I also have solar panels but they require utility power to operate. As soon as the power fails they disconnect to protect the lines and those working on them. According to the guy I bought my solar system from the next big thing would be large battery backups which will replace generators. He said within a few years technology would have advanced enough and prices would come down where the average family could have enough batteries to run their household for several days.


----------



## QtrBel (May 31, 2012)

Yrs you can tap your own tank for propane. You do need a generator that runs on propane or has been converted. Not a problem better to have someone that knows what they are doing set you up. 

We run our well off of the generator when there are outages. It has it's own electric separate from the house and we hard wire it in. It helps we have electricians and linemen in the family but yes, it can be done.


----------



## Acadianartist (Apr 21, 2015)

We bought a 1K$ generator.

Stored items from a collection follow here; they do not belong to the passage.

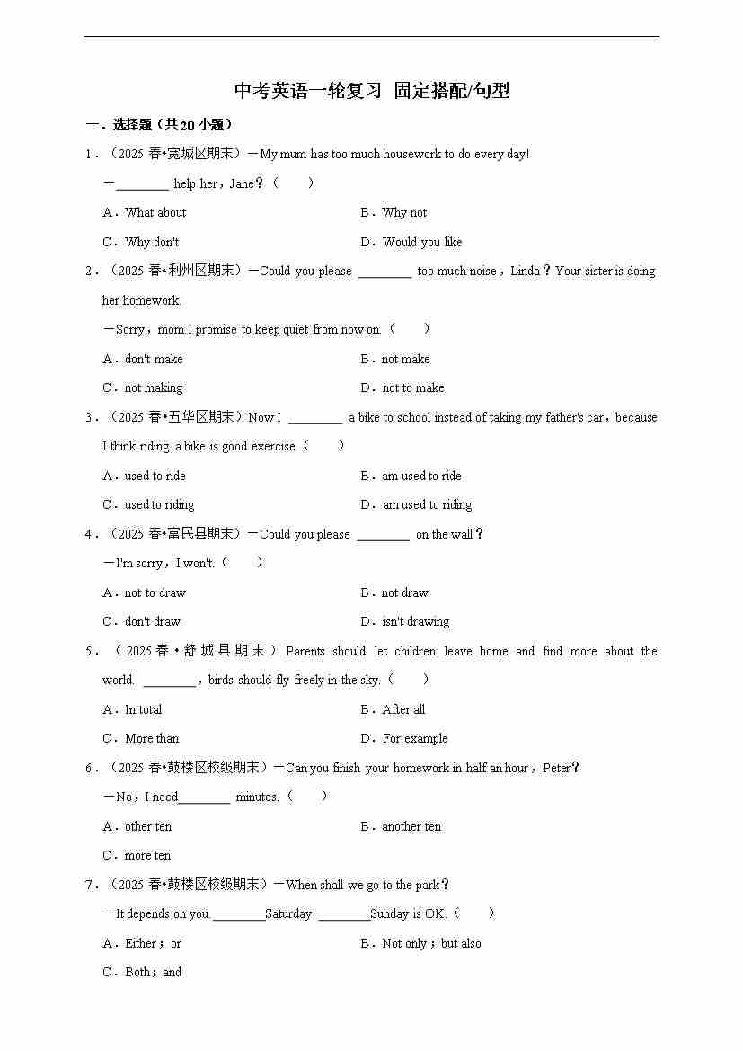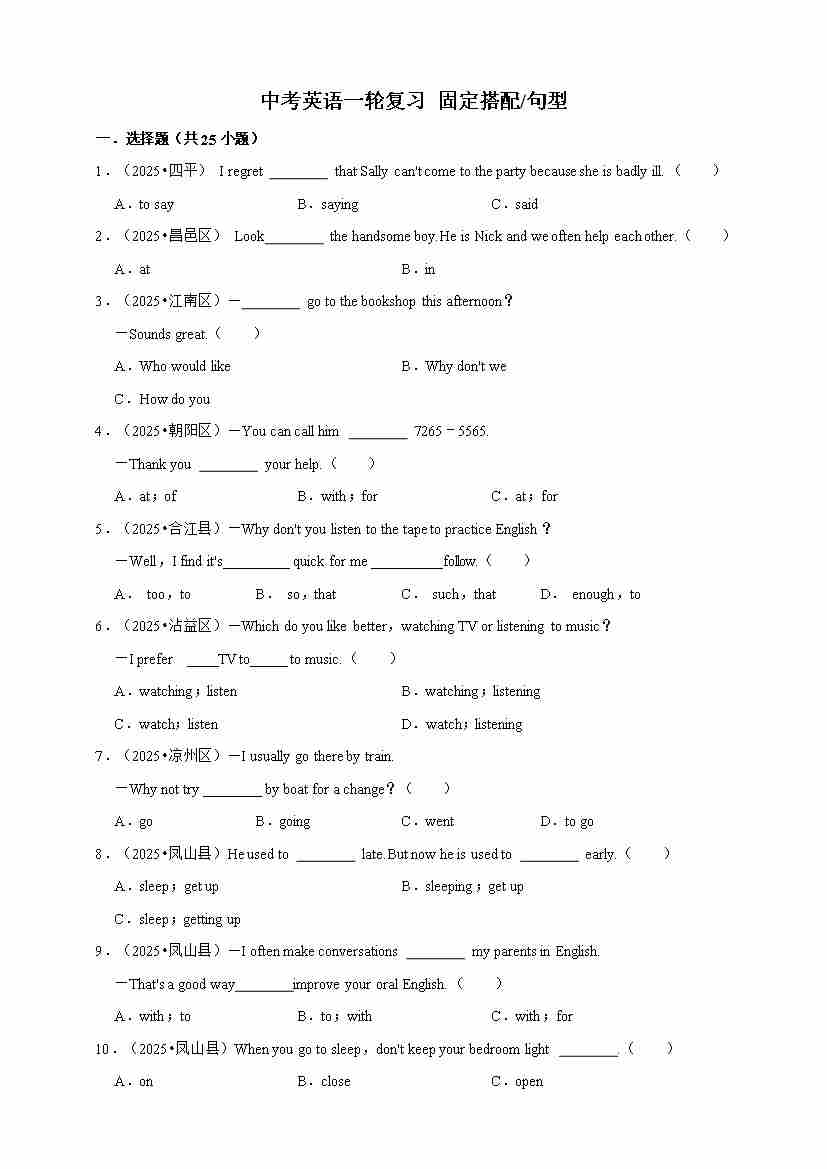 2026年中考英语一轮复习 固定搭配句型(含答案解析)000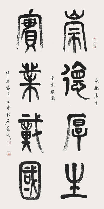 自幼酷爱书法,其书法创作风格以篆书见长,博涉多体,研习历代篆书名家书风。章法疏阔均衡,整体气势魄力雄强,自由书写中不失规矩。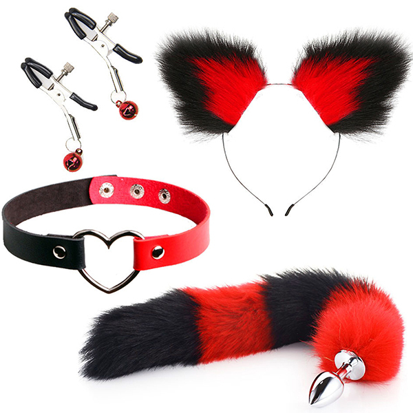 パッケージ:30.0×22.0×3.0cm 本体:耳カチューシャ約20cm×約20cm・首輪直径約12〜14cm・ップルクリップ(ハサミ口最大約1.6cm・長さ約5.6cm)・しっぽアナルプラグ直径約2.7cm・しっぽ長さ約40cm セット内容:耳カチューシャ、首輪、ニップルクリップ、しっぽアナルプラグ 原産国:中国 重量:本体135g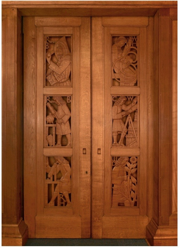 Gill Door(E): 옥스퍼드 대학교의 Radcliffe Science Library로 이어지는 조각된 나무 문(1935). 왼쪽 패널 제일 하단.
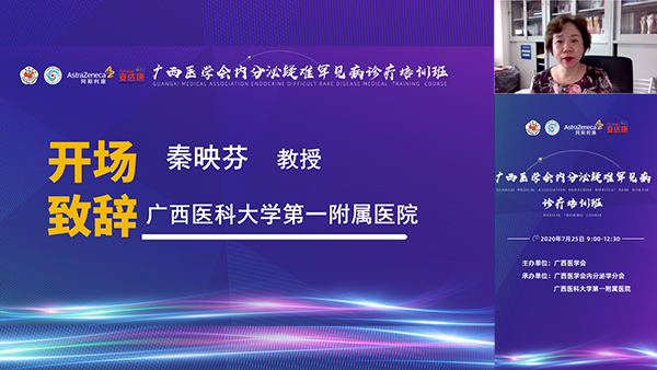 广西医科大学第一附属医院秦映芬教授作开场致辞,感谢各位专家及同仁参加本次线上会议,对本次会议以线上直播开展的形式表示充分的肯定。希望通过大家的共同交流、共同学习,不断提高区内内分泌疑难病的诊治水平,促使临床诊疗医师在临床诊疗思维上有更进一步的提高。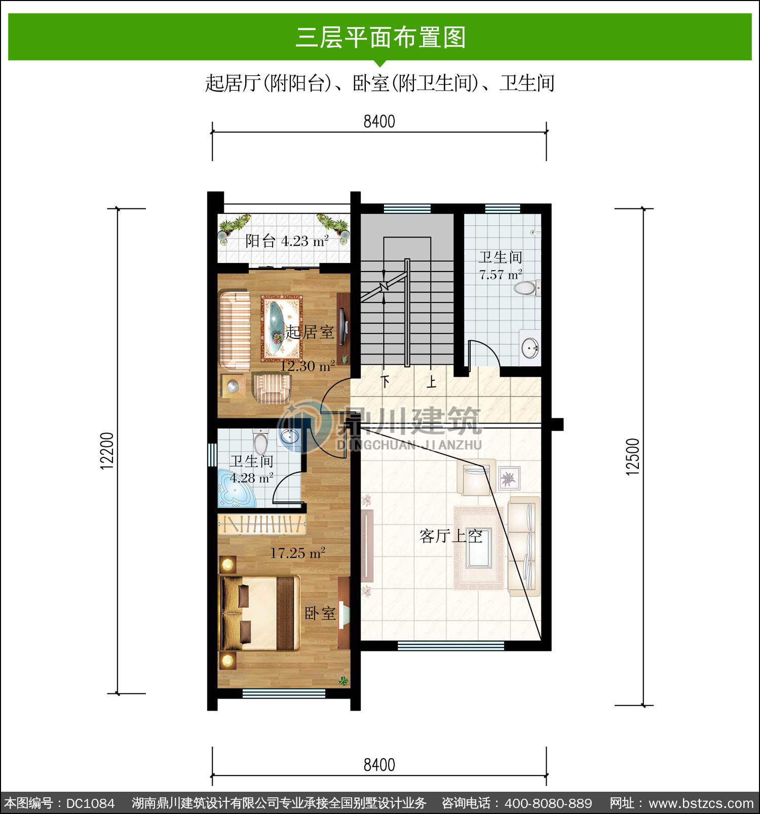 | 三 層: | 起居廳(附陽臺)、臥室(附衛生間)、衛生間 | |||

Have had it for about 8 years now, and use it once or twice a winter (that's generally when we lose power). It's fine, you just wouldn't want to run a bunch of things from it at a time. It's enough for us. I know people who wire their whole electrical panel to the generator and live normally - lights on everywhere, showers, tv, appliance. I don't feel like I need all that. The occasional power outage is celebrated by my family. We gather in the living room by the propane stove (like your new house, ours also has a woodstove in the basement and we can go several days with this in the dead of winter and never get cold). We play cards, read books out loud, heck, this Christmas, we decorated our Christmas tree by candlelight because the power was out! We keep the generator for necessities. I do have a lantern run by battery that throws a lot of light so I can take it to the barn (not taking anything to the barn with a flame, obviously!) so sometimes we use that in the house. 

The wood stove is great for cooking, boiling water for coffee, and even melting snow if it gets to that. I fill the tub with water when there is a storm that I think might knock out the power, so we can use that water to flush toilets. 

I don't know if our well pump is typical, but there is no way for us to hook it up to the generator (nothing we can "plug") so that needs to be modified by an electrician. I really do feel like we need to do this. So far, we have never had an issue, but with horses, you need a lot of water. I really only have enough for a couple of days. 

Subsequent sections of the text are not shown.